One of the most difficult aspects of NLP is constructing a grammar that can process a language comprehensively. The paper attempts to provide a step towards a solution by describing a training procedure for automatically acquiring symbolic rules for a deterministic parser. The author describes experiments in acquiring rules for determining part of speech. The acquired rules are approximately comparable to probabilistic approaches.

More than a third of the words in written English are categorically ambiguous. Syntactic analysis depends partly on correctly disambiguating the part of speech of each word in a sentence. Disambiguation seems to be a very difficult problem, but it is a problem that needs to be solved using simple algorithms. However, it seems that part of speech disambiguation can occur using syntactic patterns.
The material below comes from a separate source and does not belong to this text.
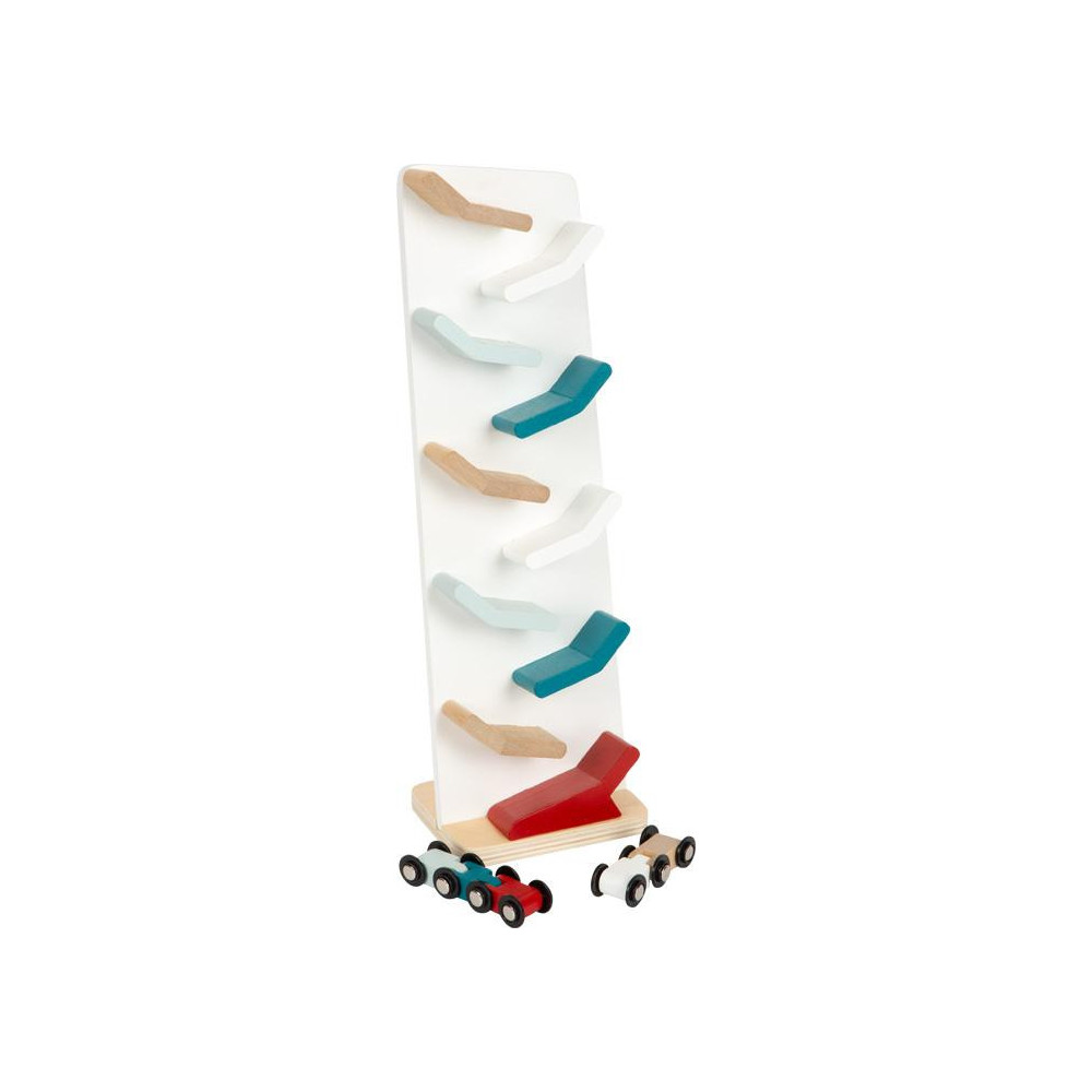 Tato kaskádová věž přitahuje pohledy každého! Při vypuštění pestrobarevných autíček shora se začnou řítit po různých úrovních dráhy. Vydávají zábavné klapavé zvuky a na závěr se rozjedou po podlaze. Je to uklidňující a zároveň fascinující dřevěná hračka! Díky moderním barvám v kombinaci s bílou a přírodním dřevem je sada také skvělou dekorací!

The most successful projects in automatically determining these patterns use a probabilistic approach. Systems based on categorical rules and patterns are much less successful; probabilistic programs have 90% or better accuracy for part of speech disambiguation.

The author then promotes the idea that categorical rules can be generated through stochastic methods to generate a system that is superior to either stochastic or heuristic systems alone.

The author then describes the Fidditch deterministic parser. Of note, Fidditch has about 700 rules, 350 to parse phrase grammar and 350 to disambiguate lexical category. Fidditch also has 46 lexical categories.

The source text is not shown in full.